How does Poll Everywhere get code from the fingertips of our engineers into our customers hands at PollEverywhere.com? Through lots of steps that make sure we’re shipping a quality product.

Design

Are you working on something big that’s green field? Are multiple people involved in a project? Never underestimate the power of taking some time up front for laying down a design. It can be as simple as sketching out an API in a gist with your pair bear, playing around with what it should look like calling the code in an rspec test, or creating a user-flow diagram to show complex interactions in detail. A little work up front can save tons of work later, especially when people start asking the question, “how is that suppose to work again?”

Planning & pairing up

During our weekly planning meeting, engineers and non-engineers figure out what they’re going to build for the week.

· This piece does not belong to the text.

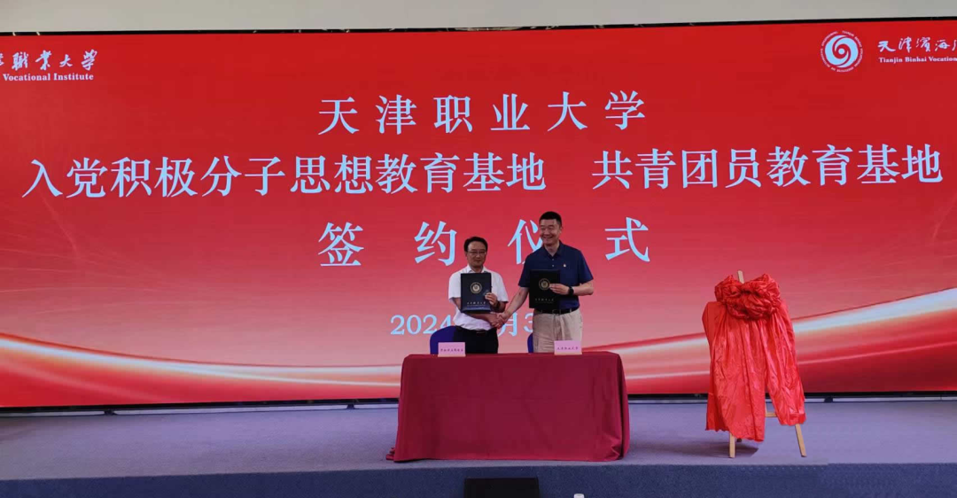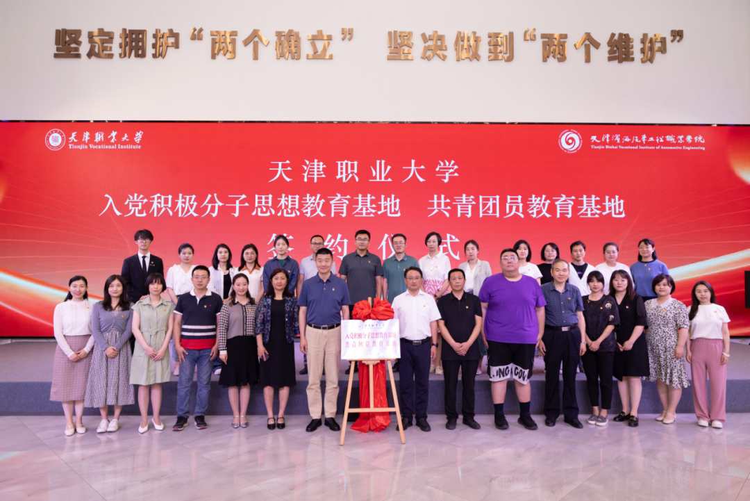 为深入学习贯彻党的二十大精神和习近平总书记视察天津重要讲话精神,进一步做好入党积极分子、共青团员的思想教育工作,切实提高党员发展质量,着力培育青年人才,5月31日下午,beat365官网在天津市学校思想政治理论课主题教室举办了入党积极分子思想教育基地、共青团员教育基地签约仪式。beat365中文唯一官网党委副书记李旭、天津滨海汽车工程职业学院党委书记王雅静以及党委副书记、纪委书记管宝云出席,两校相关职能部门负责人、干部和beat365官网专职组织员、优秀团员学生代表参加。

To pair or not to pair? That depends on the team sizes and the people involved. There is no “one way” to write code at Poll Everywhere.

Committing code

Where does all of that code go after it’s written? If 20 engineers are working on one project, how do they save all of their files without overwriting each other’s work?

Developers don’t just save a file and they’re done with it, they have to save it somewhere that all other engineers have access to. This central area is called a Source Code Repository. To prevent engineers from clobbering each others work they have to make a “commit” to the repository. Every commit is saved with a comment from a developer describing what they changed, a date and time, the email address of the developer, and a unique fingerprint that represents all of the source code in that project at that point in time.

At Poll Everywhere, engineers use a popular source code repository called git. We use GitHub to host our code and follow common git conventions.

Git allows engineers to give these fingerprints names. Often you’ll hear engineers talking about “branches”. Yes, like a tree, engineers can “fork” code from any given point in time, build a new feature in that branch independently of any other developer’s branch, then merge it back into the “master” branch when it’s all done.

The master branch is a very special branch in all of our projects. It represents the code that is currently in production.

Pull requests & two-human approval process

Some of our work is done through pull requests. It’s used by people unfamiliar with a code repository or those who simply want a code review or are required to perform a sign-off because of a significant change.

However you choose to do it, all significant code changes should be looked at by more than one pair of eyes before it’s merged to master. Whether through pair programming, pull request, or another type of sign-off, this will produce better software.

What constitutes a “significant change”? The following types of changes constitute a significant change to our application code that should result in a mandatory code review by at least on other experienced engineer:

Server-side code changes

Any server-side application code that can create, read, update, delete, or control access to customer data from data stores such as authorization logic & policies, models, or controllers.